In the mid-1980s, when these findings were being made and reported, the news of TNF’s harmful effects came as a surprise to the scientific community. Until then, TNF—and cytokines in general—were considered to be essential for the regulation of immune responses and for boosting host defenses against infectious agents and malignant tumors. It was now becoming clear that, even though TNF plays a useful role in host defenses, when produced in excess amounts for extended periods of time, it would become harmful. As William Shakespeare noted in As You Like It, there can indeed be “too much of a good thing.”
The realization that excess production of cytokines can be harmful, even deadly, should not have come as a complete surprise. Much earlier, Ion Gresser, an American scientist working in Paris, had conclusively shown that interferon production can have deleterious effects in animals during some virus infections.

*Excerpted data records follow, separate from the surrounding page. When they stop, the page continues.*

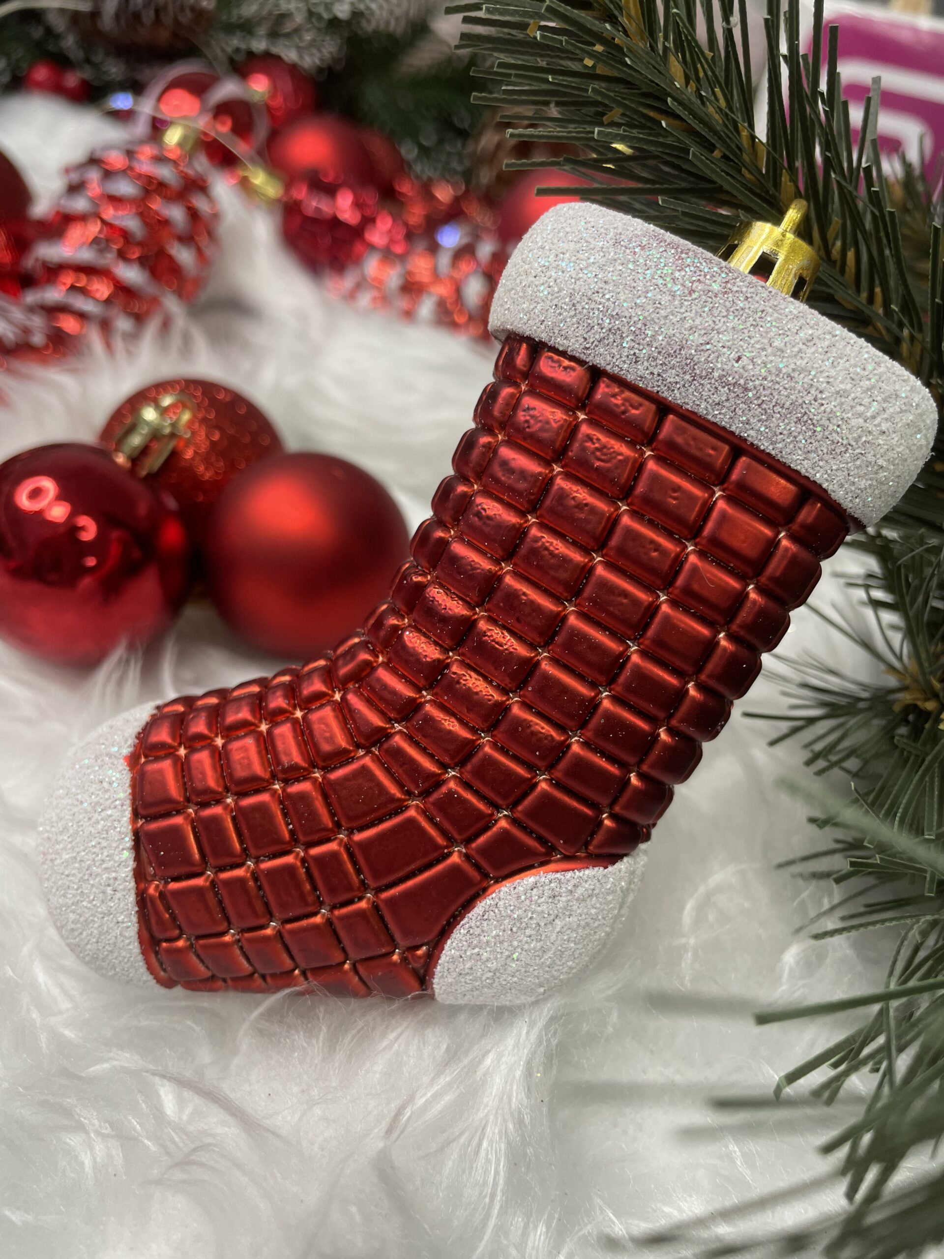 - 4 x ornamente alungite cu dungi si sclipici - 10 cm
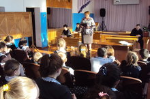 В рамках проводимого «Марша Памяти- 2016», для учащихся и педагогов школы члены клуба «Юнармеец-2» показали свою работу. Они познакомили всех с историей создания клуба, их деятельностью. Ребята пели песни, рассказывали стихи, показали сценку «Два бойца». Всё их выступление сопровождалось презентацией.
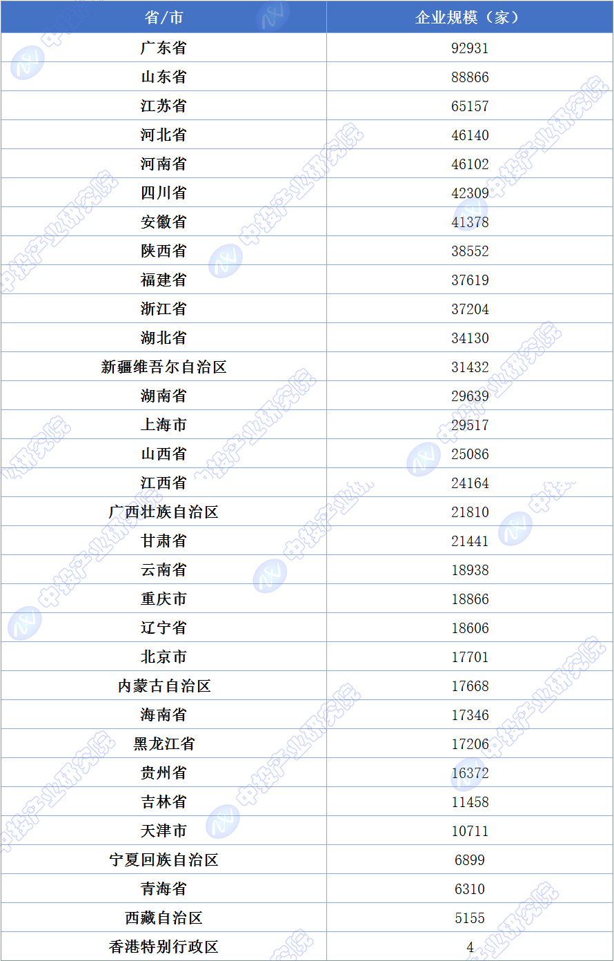 截至2024年7月18日,经营范围内包含“环卫”的存续/在业企业共计93.67家。其中广东省环卫相关企业注册规模最多,达到92931家,其他排名前三的省市为山东省和江苏省,分别为88866家和65157家。

With the indication that TNF was too toxic to be used as a therapeutic agent in humans and the findings indicating TNF caused diseases in some cases, the plans for the possible clinical exploitation of TNF had to be thoroughly rewritten. Instead of considering the administration of artificially produced TNF to patients with cancer, there was a gradual shift toward the belief that it might be more productive to consider developing agents that block the harmful disease-producing actions of TNF generated inside the patient’s body. At this point I realized that the licensing agreement NYU had signed with Centocor could become more valuable than I had originally anticipated.